TinyFive can be used in the following three ways:

  • Option A: Use upper-case instructions such as ADD() and MUL(), see examples 1.1, 1.2, 2.1, and 3.1 below.
  • Option B: Use asm() and exe() functions without branch instructions, see examples 1.3 and 2.2 below.
  • Option C: Use asm() and exe() functions with branch instructions, see example 2.3, 3.2, and 3.3 below.

For the examples below, import and instantiate a RISC-V machine with at least 4KB of memory as follows:

from tinyfive.machine import machine
m = machine(mem_size=4000)  # instantiate RISC-V machine with 4KB of memory

Example 1: Multiply two numbers

Example 1.1: Use upper-case instructions (option A) with back-door loading of registers.

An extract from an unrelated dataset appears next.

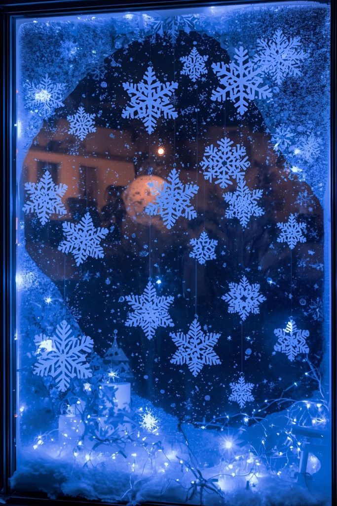 Paper snowflakes are a timeless Christmas window decoration. Cutting them by hand adds a personal touch that store-bought decorations can’t match. Start by folding white or light blue paper, then cut out intricate shapes for snowflake designs. Vary the size and pattern to add dimension and interest.

m.x[11] = 6        # manually load '6' into register x[11]
m.x[12] = 7        # manually load '7' into register x[12]
m.MUL(10, 11, 12)  # x[10] := x[11] * x[12]
print(m.x[10])
# Output: 42

Example 1.2: Same as example 1.1, but now load the data from memory. Specifically, the data values are stored at addresses 0 and 4. Here, each value is 32 bits wide (i.e. 4 bytes wide), which occupies 4 addresses in the byte-wide memory.

m.write_i32(6, 0)  # manually write '6' into mem[0] (memory @ address 0)
m.write_i32(7, 4)  # manually write '7' into mem[4] (memory @ address 4)
m.LW (11, 0,  0)   # load register x[11] from mem[0 + 0]
m.LW (12, 4,  0)   # load register x[12] from mem[4 + 0]
m.MUL(10, 11, 12)  # x[10] := x[11] * x[12]
print(m.x[10])
# Output: 42

Example 1.3: Same as example 1.2, but now use asm() and exe() (option B). The assembler function asm() function takes an instruction and converts it into machine code and stores it in memory at address s.pc. Once the entire assembly program is written into memory mem[], the exe() function (aka ISS) can then exectute the machine code stored in memory.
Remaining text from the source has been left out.